Shakespeare's Romeo and Juliet is a tragedy. If you were attending the theater in the 16th century when the play first appeared you would have seen a black flag at the top of the theater indicating that today's performance was a tragedy. Even in the opening words of the play, the Prologue, Shakespeare notifies the audience that the play will not end well. He does a major spoiler alert in this fourteen line sonnet as he speaks of Romeo and Juliet's love and that their parents feud would ultimately lead to their suicides. Shakespeare's tragedies almost always end in the deaths of at least some of the major characters and suicide is often employed to bring about that demise. Thus, Shakespeare uses suicide (and other forms of death, most notably sword wounds) to bring about the tragic elements of the play.
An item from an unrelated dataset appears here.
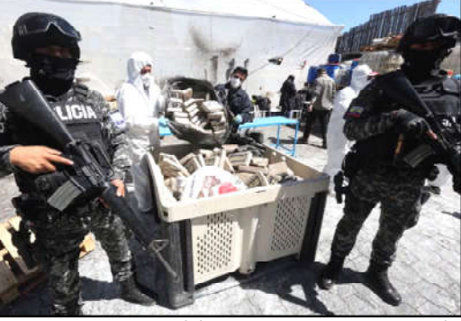
Ecuadorian authorities place drug packages in a container, as part of the more than 20 tons of seized drugs to be destroyed at an undisclosed location, in Ecuador.

Monitoring Desk WASHINGTON: The United States has condemned the Israeli assault on a UN facility in Khan Yunis, emphasising the protection of civilians and the need to respect the sanctity of UN facilities. "You've heard me say it before, you've heard [Secretary of State Antony Blinken] say it before [...]. Civilians must be protected, and the protected nature of UN facilities must be respected."

The story would certainly not be effective as a tragedy if the two title characters were to survive. It would really not be a tragedy if, for instance, Romeo had not taken the poison before Juliet awakened and he discovered that she was still really alive. At that point, he might have carried through with Friar Laurence's original plan and taken Juliet away to Mantua and lived happily ever after. While it's certainly an interesting idea, Shakespeare's tragedies just didn't do that. He may, however, have left one of the characters to survive. The audience would probably decide that the character was a tragic figure because they were deprived of their true love.
The only way that Romeo and Juliet would be effective had the title characters lived was if Shakespeare had made it a comedy. It could have ended at the end of Act II with the marriage of Romeo and Juliet (Shakespeare's comedies usually ended with a wedding—think of The Taming of the Shrew, As You Like It and Love's Labour's Lost). There is plenty of humor in the beginning acts, including the Nurse's banter, Lord Capulet's doddering exchange with his old cousin in the beginning of Act I, Scene 5, the bawdy conversation between Romeo and Mercutio in Act II, Scene 4 as well as Mercutio's treatment of the Nurse at the end of that scene. The problems would be with the feud itself, Tybalt's anger, Mercutio's dark side, and the foreshadowing of doom which runs throughout these first two acts. Shakespeare would definitely have had to alter these sections, maybe eliminating the feud and Tybalt, while making Mercutio a more light-hearted character and not quite so edgy. In the final analysis, however, it's probably best that Shakespeare killed off his two lovers at the end of the play. Otherwise, we probably wouldn't even be discussing the entire issue.